Smart nanomaterials with synergistic effects by utilizing heterojunctions on different dimensional scales

A commendable attempt has been made to employ the synergistic blend of nanomaterials with smart semiconductors for environmental applications and in the removal of organic contaminants in water because of the burden the world's population expansion has placed on the demand for clean water. The creation of diverse photoanodes for the removal of organic contaminants from water has been aided by the synergy of nanomaterials and heterojunctions made from smart semiconductors. Due to their promising applications in domains such as electronics, energy storage, and environmental remediation, nanomaterials with customized characteristics and synergistic effects have received a lot of interest in recent years.

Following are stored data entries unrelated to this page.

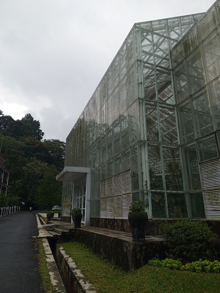 A large glass-walled structure dominates the scene, likely a greenhouse, reflecting the cloudy sky. Its framework is visible through the somewhat obscured glass, revealing an intricate interior. A short, concrete overhang shelters the entrance. A paved road runs alongside the building, lined with a low concrete barrier and some foliage. Tall trees form a dense backdrop, suggesting a location within a botanical garden or similar setting. Potted plants flank the entrance steps.
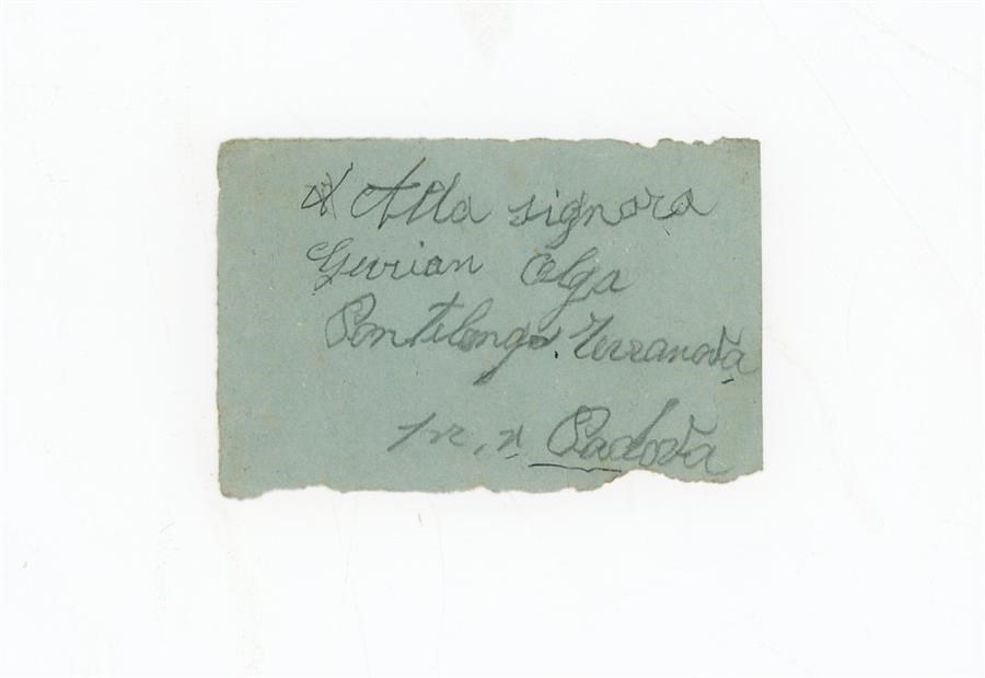 Bigliettino di Gurian Ermenegildo alla moglie Gurian Olga, con l'indicazione della località di Terranova di Pontelongo, in provincia di Padova.
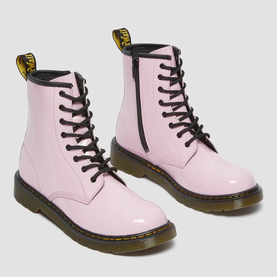 The pale pink 1460 Dr. Martens for toddlers keep all the original details of the original 8-eye boot with the addition of a side zip for easy access. Made from a coated Patent Lamper leather for a high-shine finish. The Goodyear welt soles are reinforced with the signature yellow stitching and topped with an AirWair heel loop.

This review discusses how heterojunctions are being used in novel ways to generate smart nanomaterials at various dimensional scales. We discussed specifically the use of bismuth, copper oxide, tungsten, and titanium oxide semiconductors in the development of these advanced materials. Researchers have exploited heterojunctions to harness the unique properties of each material and combine them to improve performance and develop multifunctional nanomaterials. We address the synthesis, procedures, fundamental concepts, and prospective applications of these smart nanomaterials, emphasizing their amazing features and the promising future possibilities for this intriguing field of research. This chapter provides an overview of the commendable results documented in the application of heterojunction-nanomaterials-assisted photoanodes for wastewater treatment and sensor development. Our goal is to share the philosophy behind the use of semiconductors and smart nanomaterials in environmental applications.